From your CastSucceeded node (in place of your door move node) - Add a FLIP/FLOP node - Make a timeline with a float curve that goes from 0 to 1 over 1 second. You could call this float curve - LeverAmount. Attach one of the flip/flop outs to play and the other to reverse. Drag off the LeverAmount output of the timeline and use promote to variable to LeverAmountFloat - attach the update from the timeline to this setter.
The Door blueprint.
From BeginPlay - add a getAllActorsOfClass (Your Lever blueprint) - promote this returned array to a variable called - MyLevers or something.

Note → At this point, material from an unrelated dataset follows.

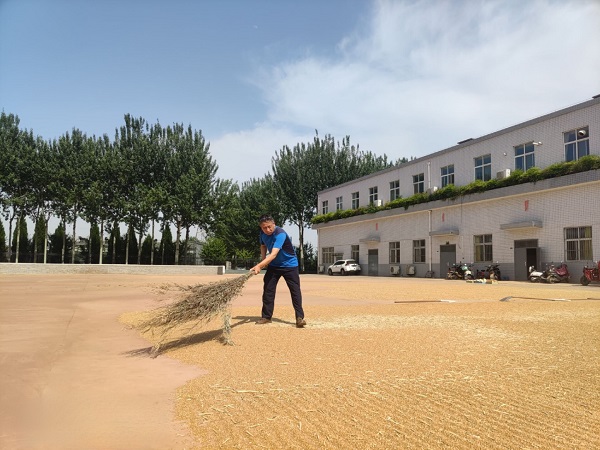 老师和同学们一起在田间地头“并肩战斗”,拉开了“三夏”忙季的大幕。夏收是“三夏”最关键一环,既关系“丰收在望”能否转化为“丰收到手”,也关系腾茬后夏种能否顺利进行。丰收的喜悦,洋溢在同学们的脸上。参加夏收的毕业生们面对着眼前这块试验地更是感触颇深,在麦子成长过程中既感受到了生命意义,也明白了了扎扎实实干事,踏踏实实做人的道理。人生万事,不过种和收,踏踏实实播种下什么,就会收获什么。种好,才能收好。 “摊麦时尽量要摊均匀,摊越薄晒干的效果越好,麦子在入仓前应该再扬一次,完全把麦堆内的麦糠,麦灰清理出去”聂老师在晒麦时说道。

Make a custom event called UpdateDoorPosition. Make a float variable called LeverAdder. From your UpdateDoorPosition event set this LeverAdder to 0. Drag in a getter for your MyLevers array. Drag off this and make a ForEach loop. Attach the LeverAdder setter to the in of this. In the loop node drag off the MyLever ref and start typing LeverAmountFloat to get the lever amount from each lever blueprint. For each loop add this amount to LeverAdder.
This means when you have - for example - 6 levers all pulled you’d get a total of 6.0 in the lever adder variable. So you should divide this value by the length of MyLevers - this means you can have as many levers as you like and if they’re all pulled you’ll have a total of 1. Use this figure to drive a transform lerp of your door’s position. To do this properly DON’T use MoveComponentTo - use SetLocalTransform.
Then go back to the lever blueprint and add the UpdateDoorPosition after the LeverAmountFloat setter. You can do this by dragging in your MyDoors var and dragging off it and typing UpdateDoorPosition. This means (without a test at least) if you have more than one door object they will all open.
Homework!
Add an editable variable called DoorID to the levers and doors - this way you can have lots of doors controlled by lots of different levers. - Just do a test on the forEach loop in the door blueprint.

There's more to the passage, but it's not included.